Monday, June 10, 2013

Coroutines for the greater good

Functions are the basic blocks of our daily code. This mechanism provides extremely simple and powerful abstraction. We use the stack memory as our main work space, storing there local variables and the return address. When the function returns, it pops the return address from the stack and jumps to it, allowing to continue previous function execution.

Once the function returns all it's internal state (local variables) is destroyed and on next invocation of the function we basically need to start from scratch. We can overcome this situation by using some clever techniques but there is a better solution.

Coroutines allow us to return from function by preserving the current context. Such coroutine can yield by passing the execution to other function which may decide to call the original function again. When this happens the execution will resume from the point of yield.

Simple example for coroutines is the consumer-producer pattern. This use case can be implemented in the following way using coroutines:

void coroutiine__ producer()
  while (!queue_is_full(q)) {
    item_t *item = new_item();
    queue_insert(q, item);

void coroutiine__ consumer()
  while (!queue_is_empty(q)) {
    item_t *item = queue_remove(q);

One example of interesting usage for coroutines appears in the qemu project. Qemu is the workhorse of virtualization infrastructure and it is used extensively to provide devices emulation for hypervisors such as kvm and xen.

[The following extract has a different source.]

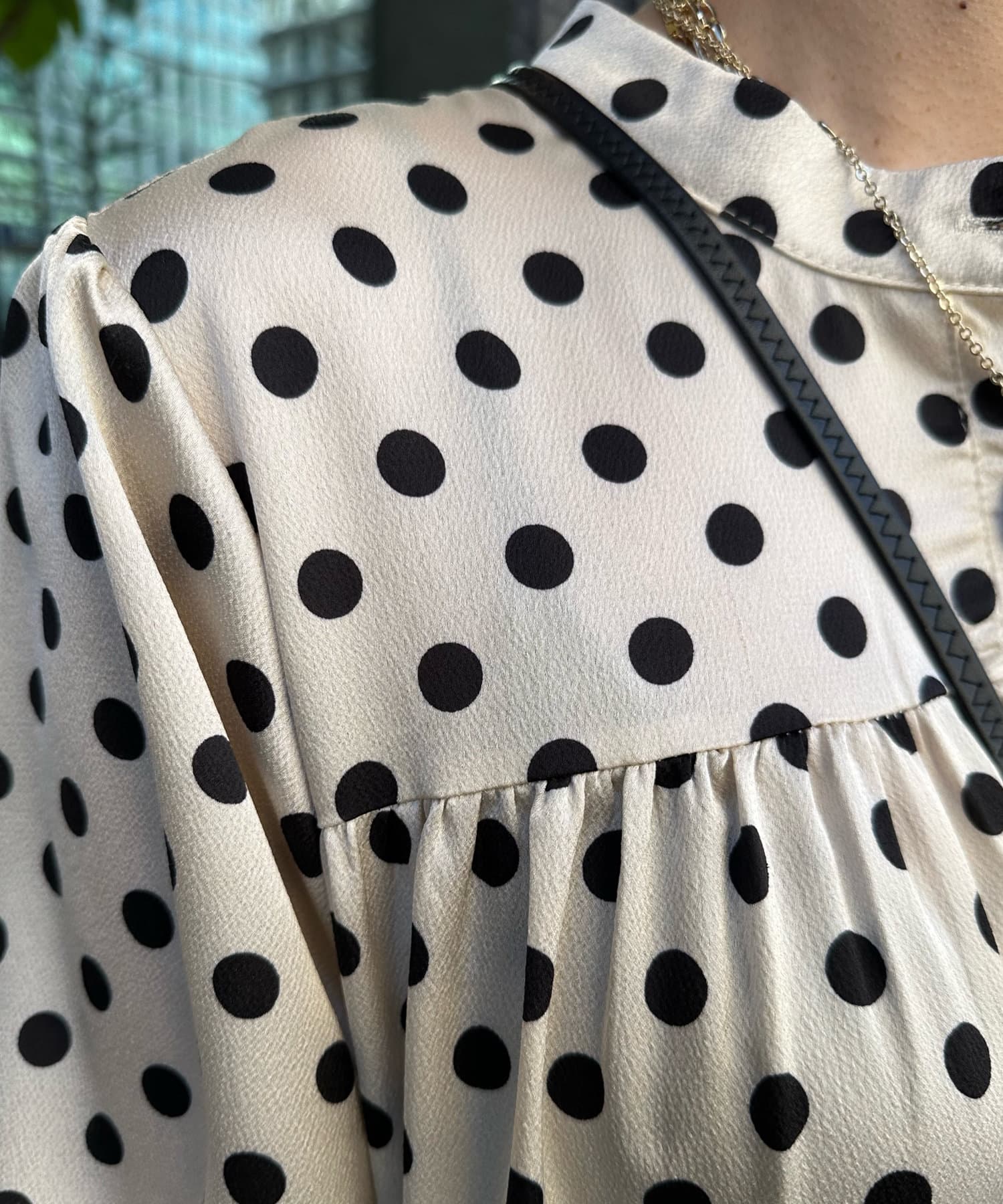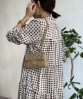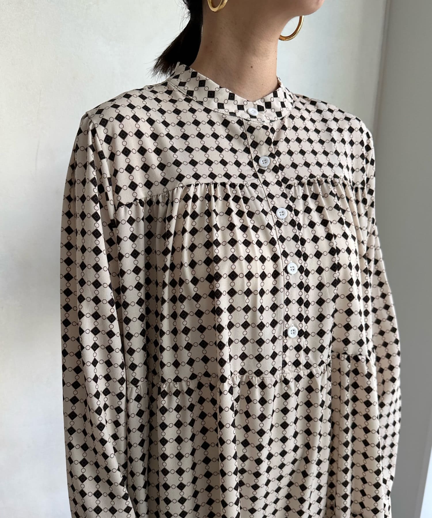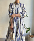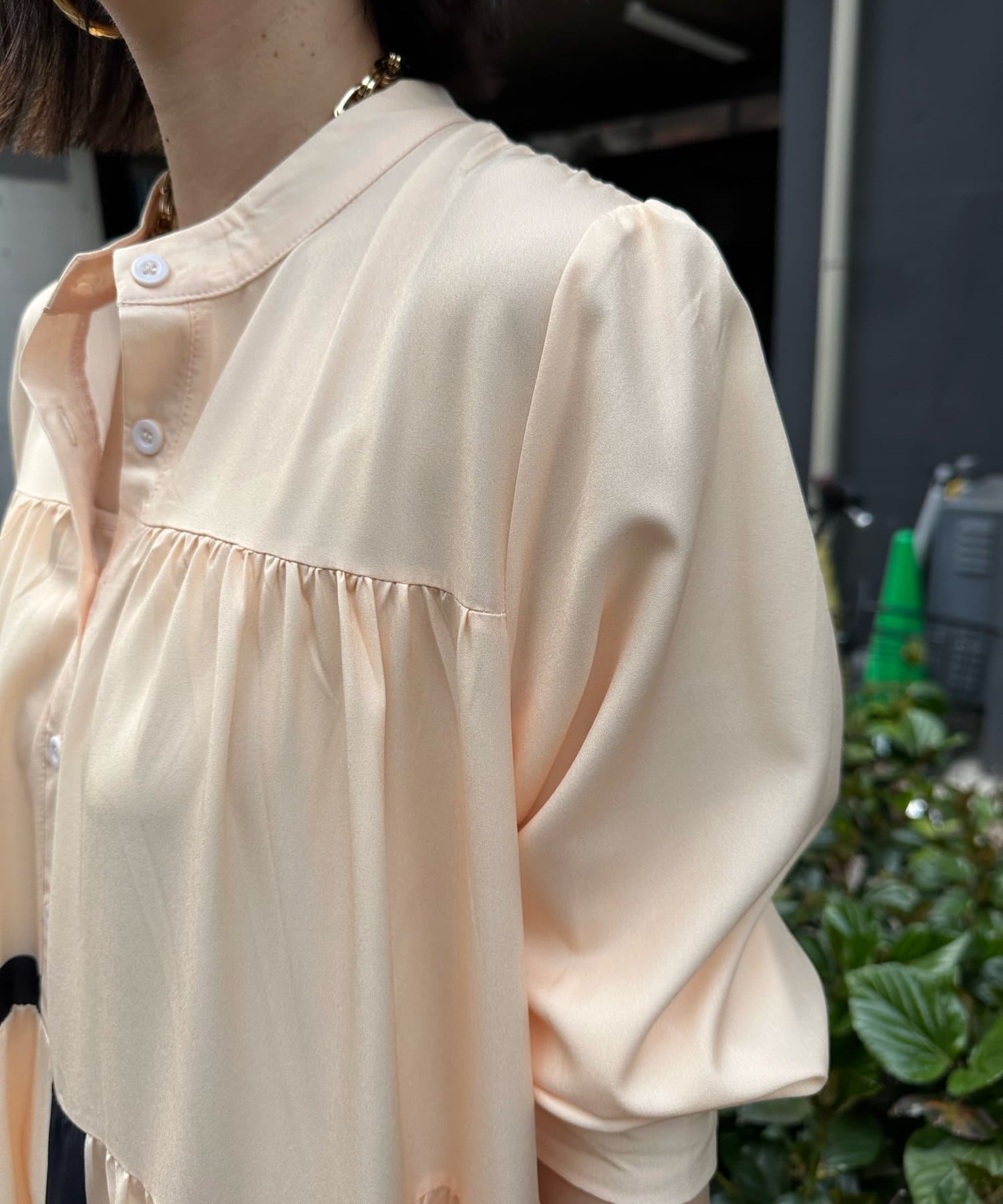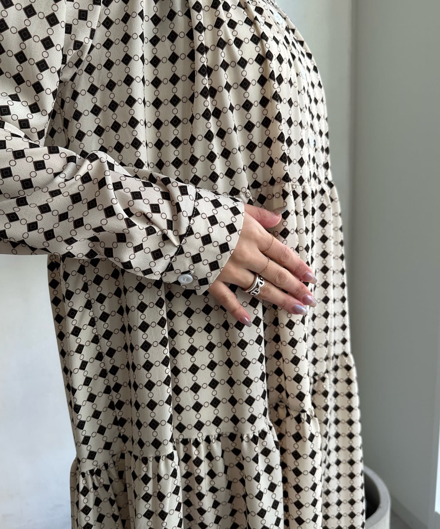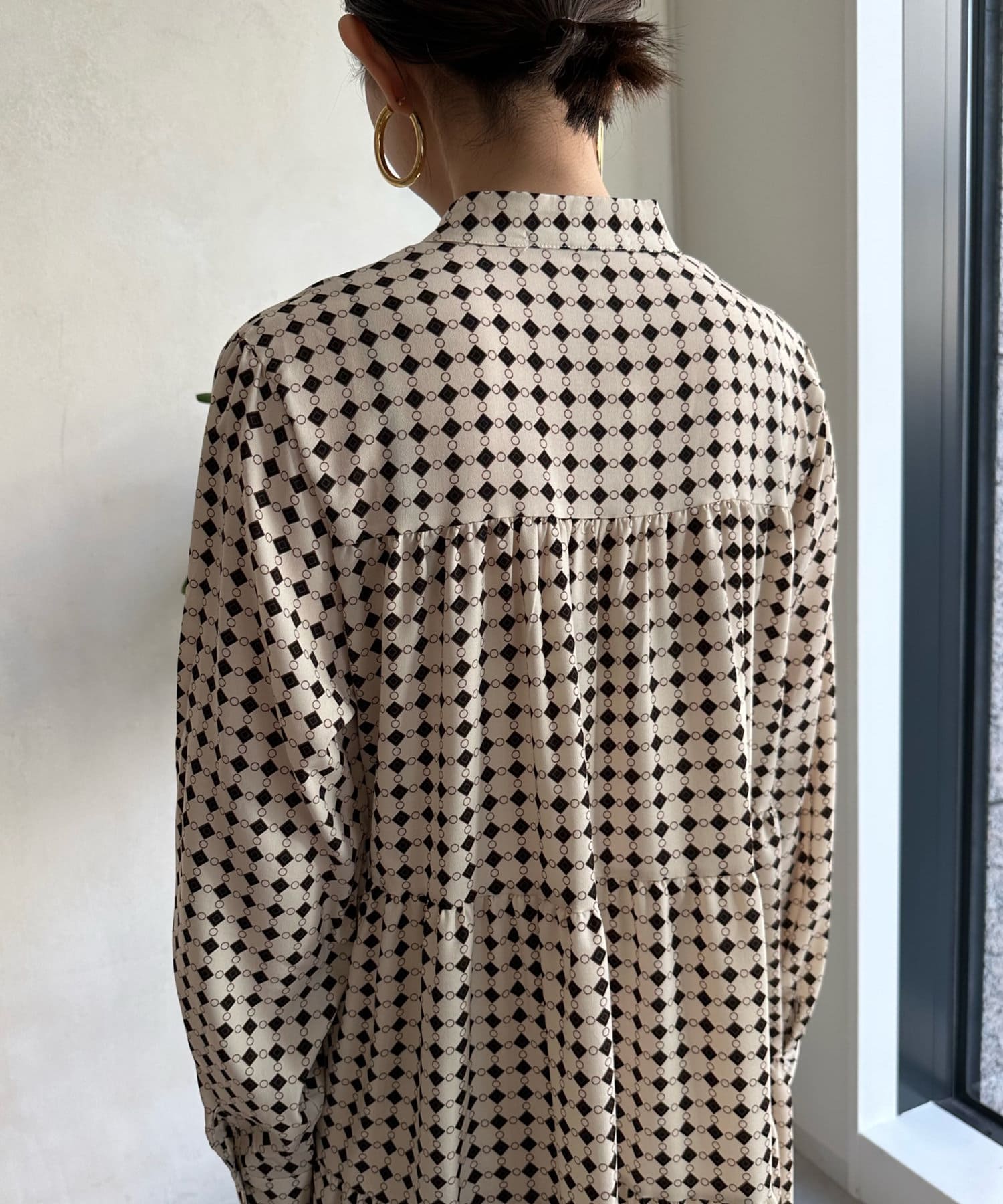 裾に向かって広がりの出るシルエットで、切り替えのティアードシルエットが大人ガーリーな雰囲気を醸し出します。
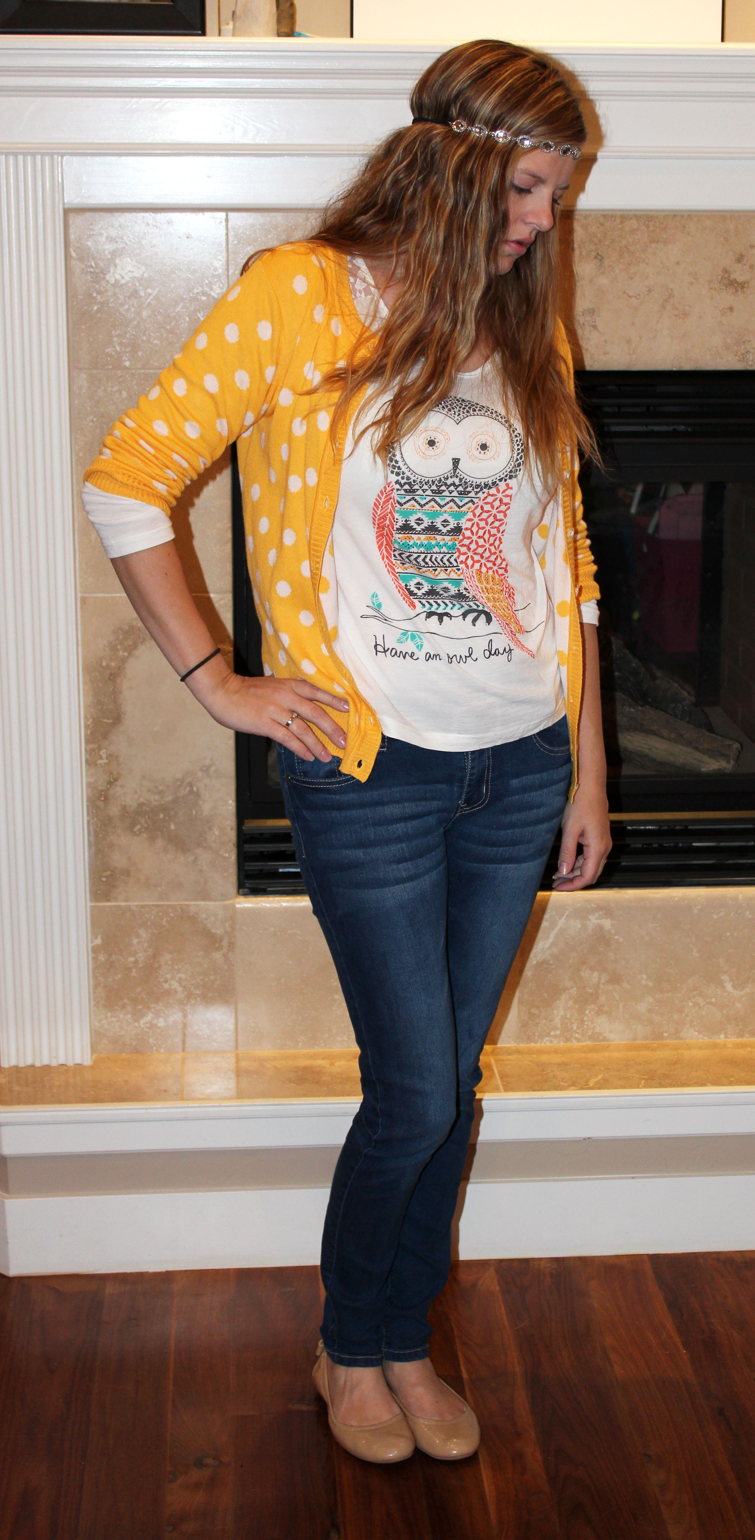 Saw this outfit on The Nest on Main and just had to have it!!!! www.thenestonmain.com, here is the owl shirt, and here is the cardigan. Love this online shop, wish I could go to Utah to see the store in person!!!! Paired the cute tops with my favorite shoes and a pair of skinny jeans. Decided to wear my hair curly and the rhinestone headband “hippy style” and actually got quite a few complements.

On Jan 2011 coroutines were introduced into the qemu code base. The authors wanted to use the coroutines power to overcome some of the complexity involved in handling asynchronous calls. Before coroutines, many operations that could block were performed in asynchronous way using callbacks. This lead to complicated code since chunks of code were separated into single steps each implemented as separate callback. Temporary structures were used to pass parameters to callbacks and the whole picture looked complicated and unreadable.

With introduction of coroutines, simple interface was established to invoke cooperative functions:

/* Creating and starting a coroutine is easy: */
coroutine = qemu_coroutine_create(my_coroutine);
qemu_coroutine_enter(coroutine, my_data);
/* The coroutine then executes until it returns or yields: */
void coroutine_fn my_coroutine(void *opaque)
  my_data_t *my_data = opaque;
  /* do some work */
  /* do some more work */

There are several implementations to the coroutines semantics inside the qemu:

  • coroutine-ucontext.c - implements coroutines using swapcontext system call and the sigsetjmp/siglongjmp calls. The former creates and switches to new stack and the later calls used to jump from one context to other.
  • coroutine-gthread.c - uses glib threads to create abstraction of coroutines. The actual switch between coroutines stops the current thread and activates next thread which executes the cooperative task.
  • coroutine-win32.c - Is the implementation on windows. Windows allows to implement coroutines easily using fibres system calls.
  • coroutine-sigaltstack.c - Unlike in the ucontext implementation, here sigaltstack system call is used to switch stack and create context which is later accessed using sigsetjmp/siglongjmp
Different programming languages have different implementations to the coroutines abstraction. One of the best resources on the coroutines in python, is the "A Curious Course on Coroutines and Concurrency" tutorial.